In either acute or chronic bacterial prostatitis, the treatment is straightforward: antibiotic therapy—up to eight weeks for acute bacterial prostatitis and up to 12 weeks or more for chronic forms. (Another form of prostatitis, acute asymptomatic inflammatory prostatitis, causes no symptoms and requires no treatment.)
Unfortunately, bacterial prostatitis accounts for only about one in 10 cases of prostatitis. Most men with the disease—and about 17 percent of all men in general—develop the more enigmatic chronic prostatitis/chronic pelvic pain syndrome (CPPS), characterized by prostatic inflammation with no discernible cause.
As with the bacterial forms of prostatitis, fatigue often accompanies CPPS. “Prostatitis fatigue is likely caused by central nervous system sensitization,” Dr. Nickel says. “This happens when patients develop neuropathic-type pain, which is associated with long-term, chronic CPPS.”
CPPS also causes urinary symptoms, pain in the prostate, bladder, or outside the pelvis and abdomen, muscle tenderness/spasm, neurological problems, and irritable bowel syndrome. And like other chronic pain conditions, CPPS can affect emotional and mental health, leading to stress, depression, and, in some cases, social isolation.
Multimodal Treatment for CPPS
Given the wide array of symptoms and complications that CPPS causes, doctors must employ an equally broad range of treatments that differ from patient to patient. While one man may experience only urinary symptoms or prostate pain, another might contend with chronic neuromuscular pain outside the pelvis that won’t respond to treatment aimed solely at the prostate.

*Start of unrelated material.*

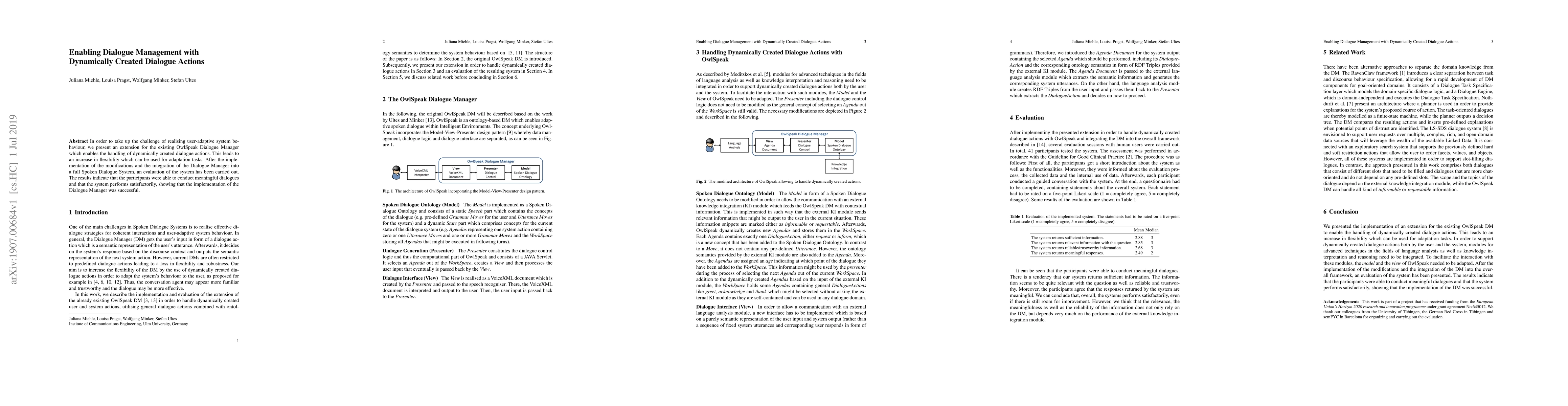 In order to take up the challenge of realising user-adaptive system behaviour, we present an extension for the existing OwlSpeak Dialogue Manager which enables the handling of dynamically created dialogue actions. This leads to an increase in flexibility which can be used for adaptation tasks. After the implementation of the modifications and the integration of the Dialogue Manager into a full Spoken Dialogue System, an evaluation of the system has been carried out. The results indicate that the participants were able to conduct meaningful dialogues and that the system performs satisfactorily, showing that the implementation of the Dialogue Manager was successful.

The multimodal treatment strategy for CPPS includes a variety of medications to address urinary symptoms and bladder problems; quercetin (an antioxidant) and bee pollen to reduce inflammation and pain localized to the prostate; and neuroleptic drugs—amitriptyline, nortriptyline (Pamelor), and pregabalin (Lyrica) are examples—to treat chronic fatigue and pain outside the pelvis and abdomen. If you have tenderness and tightness in the pelvic floor muscles, your doctor may refer you for pelvic floor physical therapy from a trained therapist.
Also, to counter prostatitis fatigue, Dr. Nickel advises men to work with their physicians to follow a healthy, bladder-friendly diet, which limits spicy foods, alcohol, caffeine, and other bothersome foods and beverages listed by the Interstitial Cystitis Association. He also recommends psychotherapy, such as cognitive behavioral therapy, to help men manage anxiety, reduce stress, and avoid ruminating about their CPPS.
“Treatment of a single symptom has been shown not to be effective in a majority of patients,” Dr. Nickel says. “All domains of a patient’s CPPS experience must be addressed for overall improvement.
“From both the physician’s and patient’s perspective, the goal of therapy for CPPS is not necessarily cure,” he continues. “Rather, it’s amelioration of symptoms and improvement in activities and quality of life.”